Anyone who understands central banks knows the Fed must hike ASAP · CNBC

If you accept the propositions (a) that the Fed's policy should be data-driven in accordance with its mandate and (b) that the monetary policy operates with long and variable lags, you should have no problem accepting the conclusion that a major adjustment of the Fed's credit stance is long overdue.

The most recent data on America's economic growth, labor market conditions and inflation developments make it very difficult to understand why the Fed keeps postponing the process of a gradual and orderly normalization of its bloated monetary base (M0) and its implausibly low federal funds rate - the only interest rate it directly controls.

To explain that, here is a quick review of the variables that should drive the Fed's policy.

The latest number for first-quarter GDP growth is more than double its initial estimate. It is showing an annualized quarter-on-quarter pace of 1.1 percent and a 2.1 percent increase from the year earlier.

Most people, me included, consider that this growth rate is too low. But the problem is that even that low growth rate of 2.1 percent exceeds America's potential and noninflationary growth rate (i.e., a growth rate given by productivity and the available labor and (physical) capital resources) of 1.6 percent for the fifth consecutive year.

Not by Fed alone

Should we blame the Fed for that? I can visualize a sea of hands stuck out in emphatic approval. But that would not only be grossly unfair to our money managers – it would also be dead wrong.

Why?

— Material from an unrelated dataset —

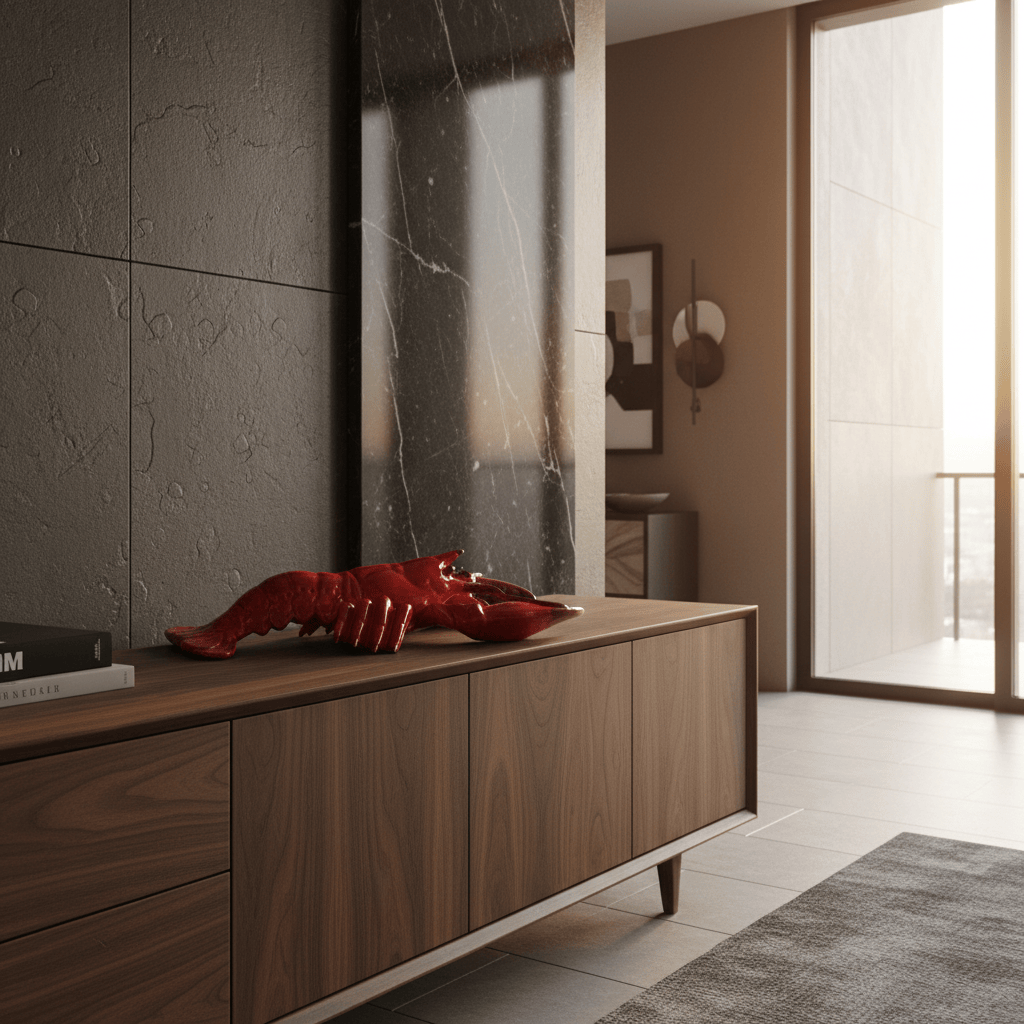 Ce homard en céramique, accroché au mur ou posé sur un meuble, apporte une touche graphique et vivante à l’espace. Un objet décoratif fort, mais facile à intégrer qui évoque la mer, les maisons portugaises, l’audace tranquille des intérieurs du Sud.

Because the volume and the efficiency of labor and capital stocks are essentially structural problems that must be addressed by structural policies.

Sure, the Fed can help by supporting domestic demand with appropriate credit policies, but the labor force productivity (i.e., the quality of human capital) and investments in best-practice technologies depend on education, labor force retraining, investment incentives and trade policies in an economy widely open to unbridled international competition and predatory pricing.

The Fed, in my view, has done its part – and more – but the two other big players in economic policy (you know who they are, don't you?) have fallen far short of what's needed to go back to an average potential growth rate of 2.7 percent we had in the last two decades.

So, we can perhaps temporarily settle for this: That 2.1 percent actual growth rate is fine, given the structural problems we continue to face.

We should also acknowledge that - in the absence of fiscal and structural policies we need - the Fed takes most of the credit for solid income and job numbers that will strongly underpin our domestic demand in the months ahead.